La féminisation des noms de métiers, des grades, des titres et des fonctions n’est toujours pas reconnue par les gardiens de l’usage, le phallocentrisme pour eux : un trésor national. Simone Veil, un confrère. Le masculin n’est pas neutre, il auréole de grâce, offert comme un cadeau, le masculin répare chez les femmes qui le méritent leur envie de phallus. L’influence du freudisme sur les personnes âgées fait encore des ravages.

Ce qui n’est pas nommé n’existe pas: l’invisibilisation des femmes passe d’abord par la langue. Or depuis quelque temps, les leurs, partout, se délient.
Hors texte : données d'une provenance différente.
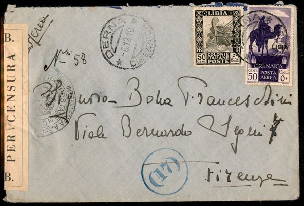 Derna 6.9.10 - aerogramma per Firenze - censure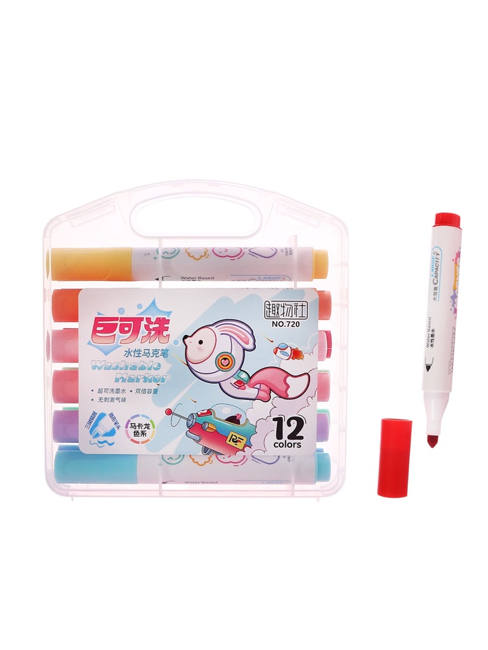 Фломастеры 12 цветов в пластиковом пенала, смываемые водой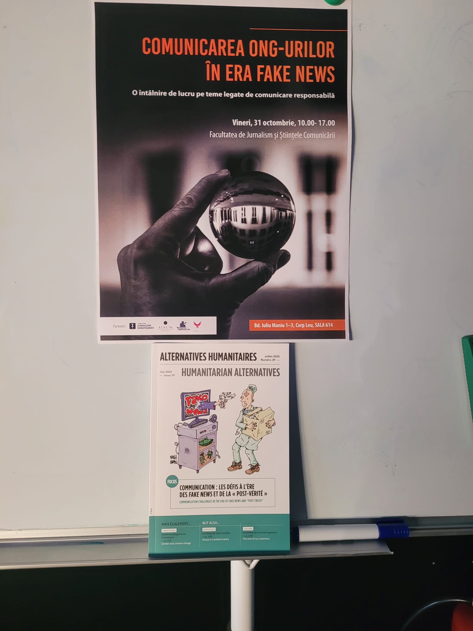 Vineri, 31 octombrie 2025, Facultatea de Jurnalism și Științele Comunicării (FJSC) și Școala Doctorală în Științele Comunicării (ȘDȘC) au organizat, alături de Facultatea de Științe Politice, CEREFREA, Université Lumière Lyon 2 – ICOM, Societatea Presei și a Jurnaliștilor Francofoni, Communication Sans Frontières și revista Alternatives Humanitaires, o dezbatere dedicată comunicării ONG-urilor în era dezinformării.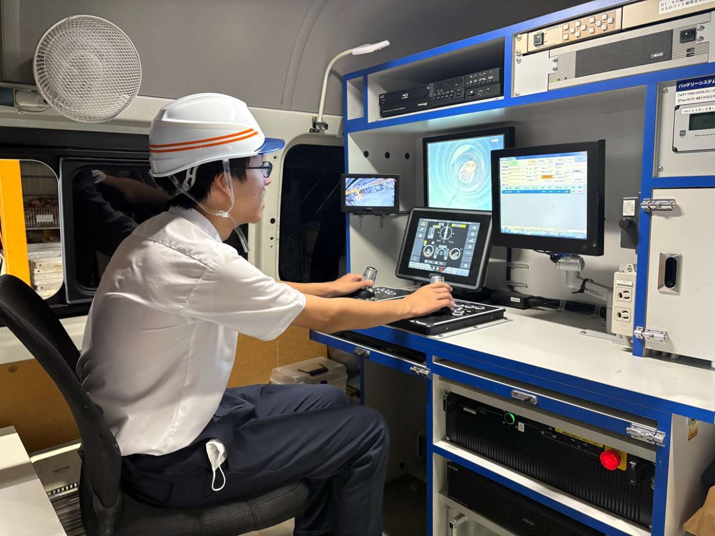 実際の操作は、モニター等を積んだ車の中で遠隔操作します!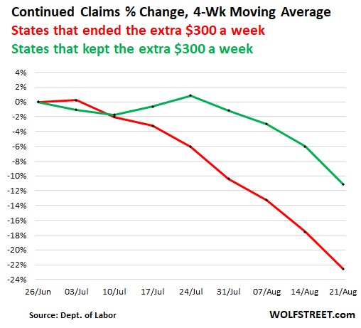 Wolf Richter has compiled some numbers on unemployment insurance (UI) claims by state, reported weekly by the Department of Labor. A data point of “continued claims” reflects the number of people that have claimed UI for at least one week. A drop in continued claims would indicate that they have started working again. He lumped the states into two groups, “Enders” who terminated the extra unemployment benefits, and “Keepers” who retained them. Here are the results through the end of August: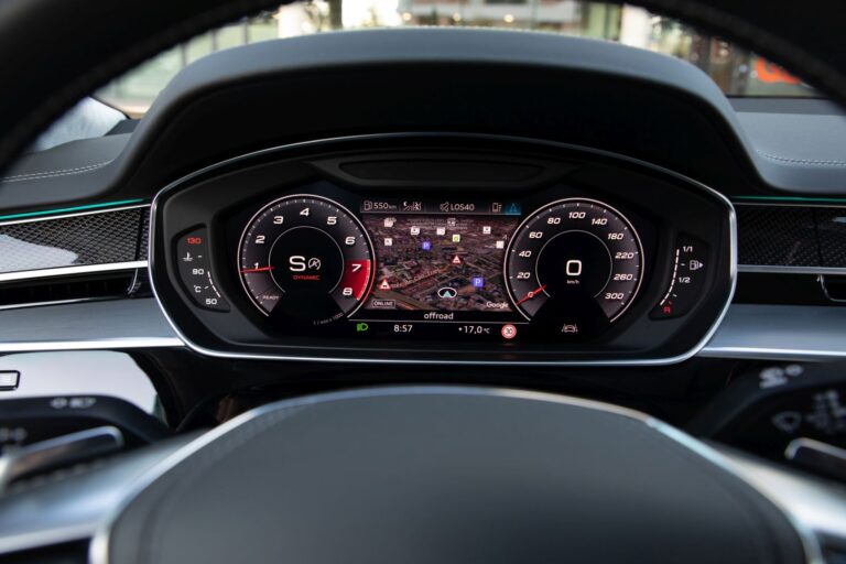 Nowe Audi S8 oferuje postępową technologię z nowymi usługami cyfrowymi i nowoczesną łącznością. Koncepcja obsługi MMI touch response nowego Audi S8 jest w pełni cyfrowa. Kierowca kontroluje niemal wszystkie funkcje za pomocą dwóch dużych wyświetlaczy. Można również korzystać z naturalnej obsługi głosowej, która oferuje niemal nieograniczoną swobodę w formułowaniu pytań i poleceń. Odpowiedzi pochodzą albo z informacji przechowywanych na pokładzie, albo w chmurze. Alexa, oparty na chmurze asystent głosowy Amazona, jest również dostępna jako opcja. Wszystkie wyświetlacze istotne dla jazdy pojawiają się w Audi wirtualnym kokpicie, który można przełączać między dwoma widokami. Podczas jazdy na prędkościomierzu i wskaźniku obrotów są wyświetlane jako duże wskaźniki w trybie jazdy, a mapa jest na czołowej pozycji w trybie infotainment. Oba widoki mają charakterystyki graficzne w kolorze czerwonym typowe dla S. W MMI można również wybrać specjalny układ S-performance dla Audi wirtualnego kokpitu, w którym centralnym punktem jest obrotomierz, wyświetlany jako kwadratowy wykres, a moc i moment obrotowy przedstawione są jako procenty. Opcjonalny wyświetlacz head-up może wyświetlać ważne informacje na przedniej szybie.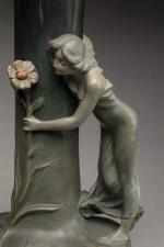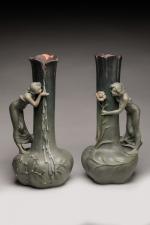 Paire de vases en terre cuite polychrome à décor en haut-relief de femmes buvant à la source ou effleurant une marguerite. Eclats, manques à un col. Signés. H. 41 cm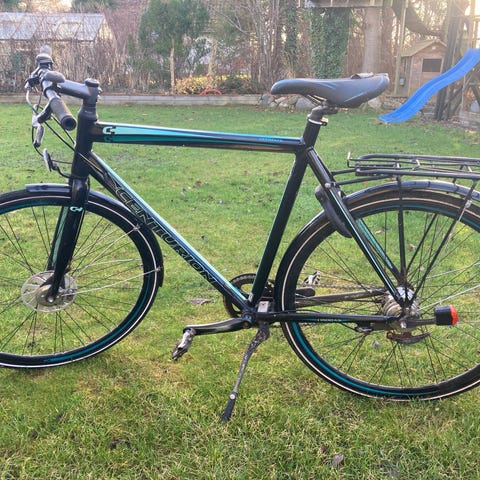 Centurion Citycykel til herrer med 28 tommer hjul. Cyklen har en sort ramme og er udstyret med en gearvælger på styret. Den har bagagebærer og skærme, hvilket gør den egnet til daglig transport og pendling.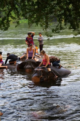 Throughout the day you get to care for the elephants in numerous ways. The volunteers don’t force the elephants to interact if they don’t want to, and most of contact with them is on their own terms. If they are hungry or curious they will likely come up to you, and at the end of the day, you get really up close and personally by swimming with them in the River Kwai. The mahouts are very helpful in showing you the best way to approach, feed, and bathe them, which makes for an amazing, well-rounded experience.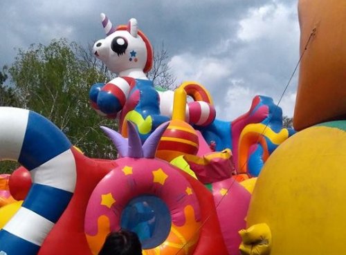 Неприятный инцидент произошел во время пасхального фестиваля в одесском парке Победы — детский надувной батут зажал женщину с ребенком.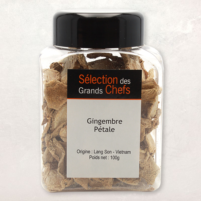 Épice phare des cuisines asiatiques et du Moyen-Orient, le Gingembre apporte une touche d'exotisme à de nombreux plats sucrés ou salés. Ce gingembre aux saveurs confites peut s’utiliser en infusion, en poudre, ou en réhydratant les pétales pour les émincer.
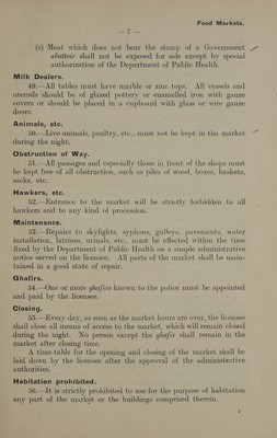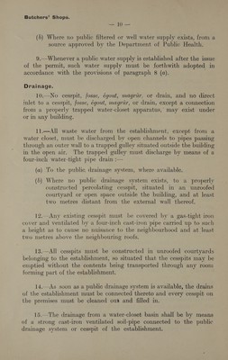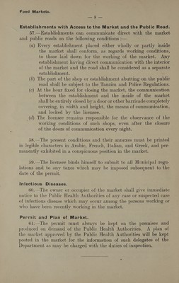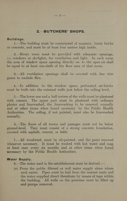 Model conditions drawn up by the Department of Public Health for certain manufactories, shops, markets, etc., requiring licences under the "Etablissements insalubres" law.

Souvent, en se libérant, leur parole éclabousse les consciences de gras de porc, un haut-le-cœur collectif. La possibilité que le réel se modifie, que les comportements cessent de tremper dans l’huile. Pour décrire ces violences, leurs formes et leurs manifestations implicites comme explicites, il existe tout un tas de mots dans le dictionnaire. Ils circulaient depuis longtemps, jusqu’ici en privé, pas dans l’espace public.

L’espace public, en France, le bon esprit de la gaudriole, la possession par droit de cuissage, l’invocation de l’œuvre de Rabelais et de la truculence nationale pour palper tranquillou la chatte de la voisine : en marche pour l’exorcisme. En cela, réjouissons-nous. Et profitons, surtout, de ce moment propice pour imposer dans la foulée une réforme de la langue française, et l’annexion de l’Académie française par le secrétariat d’Etat chargé de l’Egalité femmes-hommes.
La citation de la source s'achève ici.